"Let me come with you, then. We will both leave Miss Murray to enjoy her inheritance in peace."
"No, that would not be just."
"Just! What do I care for justice?" said Dino, indignantly, while his eyes grew dark and his cheeks crimson with passionate feeling. "I care for you, for her, for the happiness of you both. Can I do nothing towards it?"

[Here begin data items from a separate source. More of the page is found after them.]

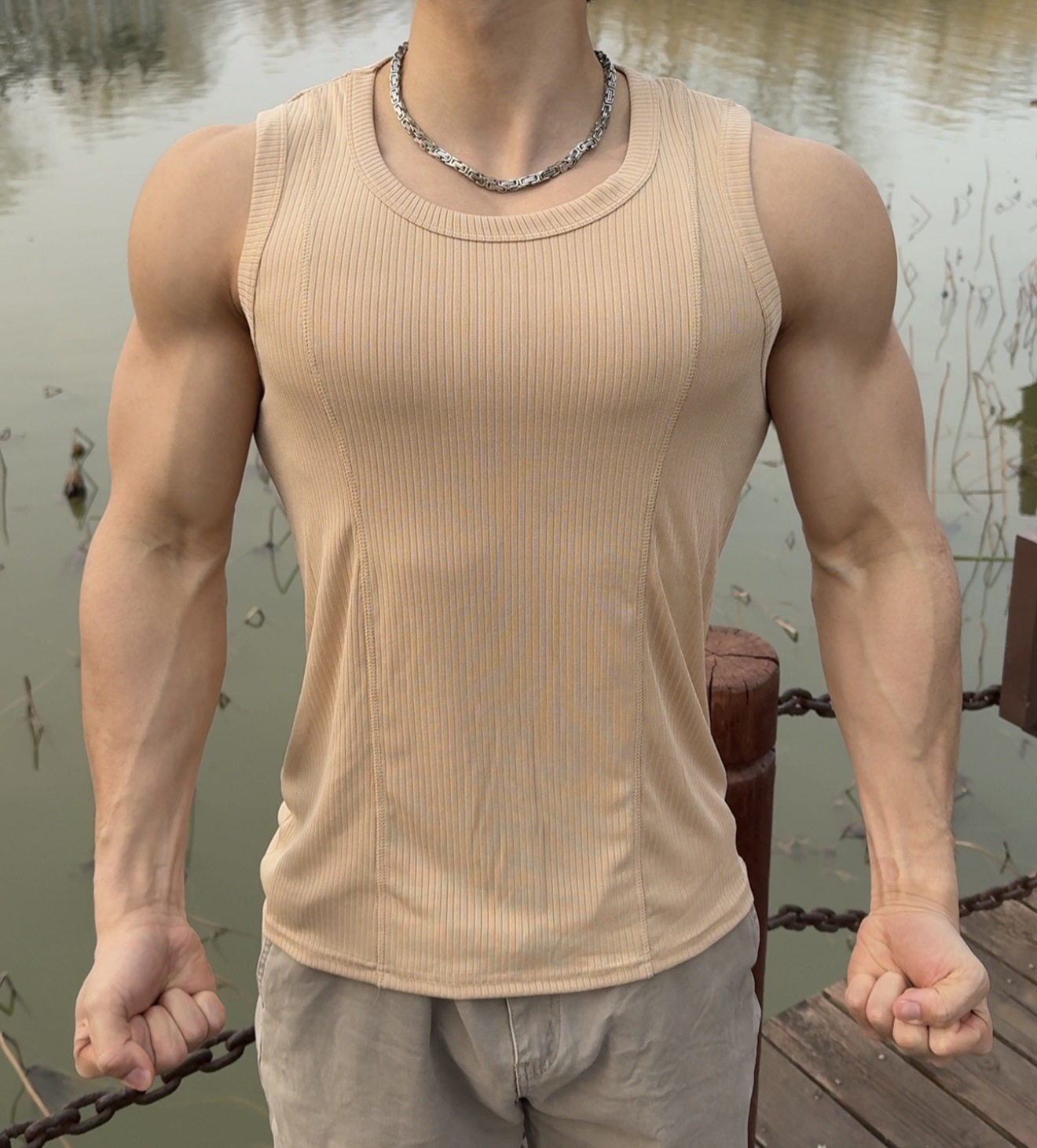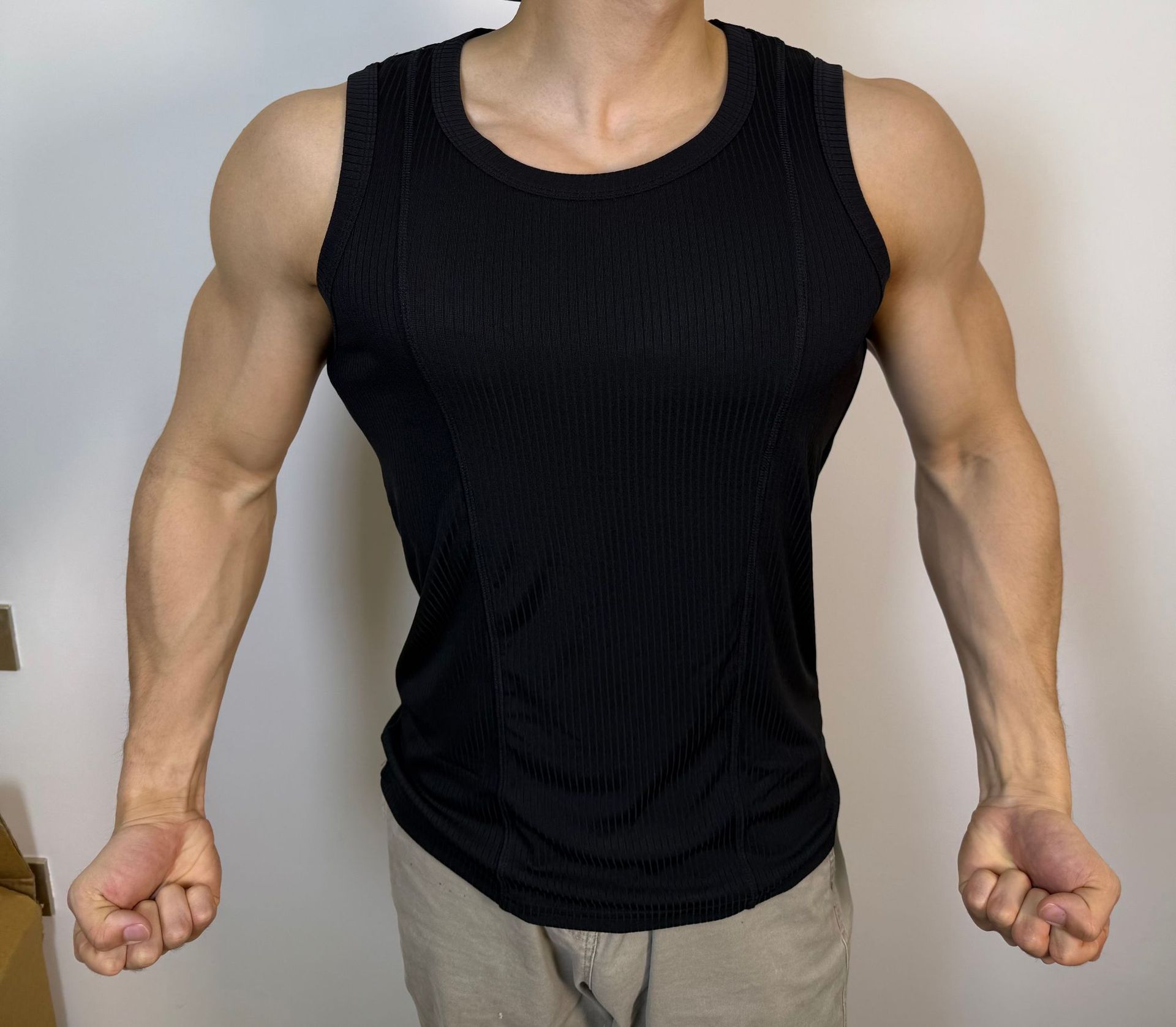 Гребенчатая текстура показывает большой высокий жилет мужской летний спорт-отдых фитнес-тренировки
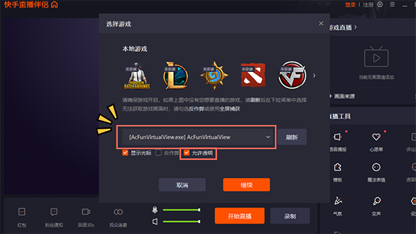 1、需搭配直播伴侣使用,例如AcFun直播伴侣、快手直播伴侣......
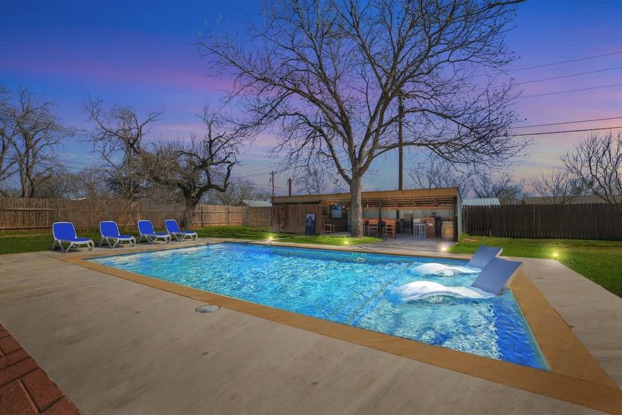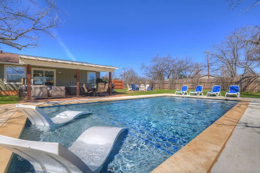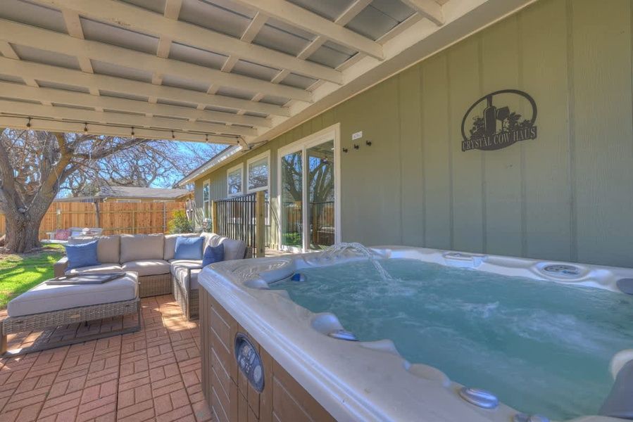 Welcome to Crystal Cow Haus where a world of comfort and fun await. Venture outside to an oasis of joy, complete with a sprawling swimming pool with a sun-soaked tanning ledge, bubbling hot tub, and crackling firepit for enchanting evenings beneath the starlit sky. And let's not forget the epic party barn where memories are made and laughter never ends! Tucked just a stone's throw away from Main Street, this charming Hill Country getaway offers the perfect blend of relaxation and adventure. Crystal Cow Haus is a haven meticulously crafted to cater to your comfort, enjoyment, and rejuvenation. From Crystal chandeliers enhancing the open-concept living space to the outdoor oasis, this property offers a perfect blend of style and functionality for an unforgettable stay. In the spacious living area, you'll find comfortable seating arranged around a 75" flat-screen TV and complemented by the warm glow of an electric fireplace. Here, you can indulge in your favorite shows or movies, creating the perfect atmosphere for cozy gatherings with loved ones. Next to the living room, you'll discover the sophisticated dining space showcasing a sleek table for six, seamlessly connected to the modernized kitchen boasting stainless steel appliances. The kitchen island extends the gathering space, accommodating four more guests with its bar seating, ensuring ample room for socializing while cooking together. As the day winds down, escape to one of the four exquisitely furnished bedrooms, each showcasing a sumptuous king bed for blissful nights of rest. The master bathroom is a private sanctuary, offering a large soaking tub, double vanities, and a separate shower for ultimate relaxation and rejuvenation. Meanwhile, the second and third bathrooms feature a shower and tub/shower combo, ensuring comfort for all guests. Step outside to your private outdoor oasis, where a covered patio beckons with a comfortable second living area with couch seating, perfect for enjoying the fresh air and serene surroundings. Take a dip in the large pool, bask in the sun on luxurious loungers, or gather around the firepit with chairs for cozy conversations under the stars. The hot tub, accommodating up to six guests, offers a soothing retreat after a day of wine country adventures. For additional entertainment, the property features Crystal's party barn with ample seating around a large flat-screen TV, providing the perfect space for movie nights or watching sports events with friends and family. Experience the epitome of luxury and relaxation at this stunning retreat, where every amenity is thoughtfully curated to ensure an unforgettable stay for you and your guests. STR Permit Number #8056002039 House Rules and Things to Note: -No more than 8 occupants permitted -Pets are not allowed -No Events or Parties are allowed -Place trash in designated receptacles -Observe City of Fredericksburg Quiet Hours - 10:00 PM to 7:00 AM -Parking instructions: Illegally parked vehicles are subject to tow -The City of Fredericksburg is a Dark Sky Community with outdoor lighting restrictions. All outdoor lighting is encouraged to be turned off when no one is present. Easy Check-In Process We use Happy Guest for a seamless, app-free check-in experience. Just complete your rental agreement, ID verification, and a simple refundable security hold of USD1,000 (which is not a traditional security deposit, just a pending transaction) to receive your arrival instructions. If you'd prefer, you can opt for a Non-Refundable Damage Waiver instead, which provides coverage up to USD1,500. The waiver is USD62.54 for stays up to 10 nights, with an additional USD1.50 per day for stays longer than 10 nights. It’s simple: finish these steps, and you’re all set to enjoy your stay! Note: arrival info won’t be sent without completing these steps, and refunds aren’t possible if skipped. Happy Guest is web-based and user-friendly, with all the info about the house and local spots. You can even share it with friends and family. Got questions? Just message us anytime! Stay Texas has engaged VacayHome to ensure this listing contains all the information you need and that it is easy for you to book via search engines & online channels. VacayHome is connected directly to the property management system used by Stay Texas which ensures that availability & rates are up-to-date & accurate. When you book, VacayHome processes payment on behalf of Stay Texas and a charge will appear on your statement as "VacayHome". VacayHome will send you a confirmation e-mail that contains all the information you need to prepare for your vacation including arrival instructions. VacayHome has a 24 x 7 team to assist you with any questions or concerns you may have prior to arrival. To access VacayHome, obtain the customer support telephone number or read FAQs, please click on the links at the bottom of this page.

"Nothing, I think, Dino mio."
"But you will stay with me until you go? You will not cast me off as you have cast off your other friends? Promise me."
"I promise you, Dino," said Brian, laying his hand soothingly on the other's shoulder. It seemed to him that Dino must be suffering from fever; that he was taking a morbidly exaggerated view of matters. But his next words showed that his excitement proceeded from no merely physical cause.
"I have done you no harm, at any rate," he said, rising and holding Brian's hand between his own. "I have made up my mind. I will have none of this inheritance. It shall either be yours or hers. I do not want it. And I have taken the first step towards ridding myself of it."
"What have you done?" said Brian.
"Will you ever forgive me?" asked Dino, looking half-sadly, half-doubtfully, into his face. "I am not sure that you ever will. I have betrayed you. I have said that you were alive."
Brian's face first turned red, then deathly pale. He withdrew his hand from Dino's grasp, and took a backward step.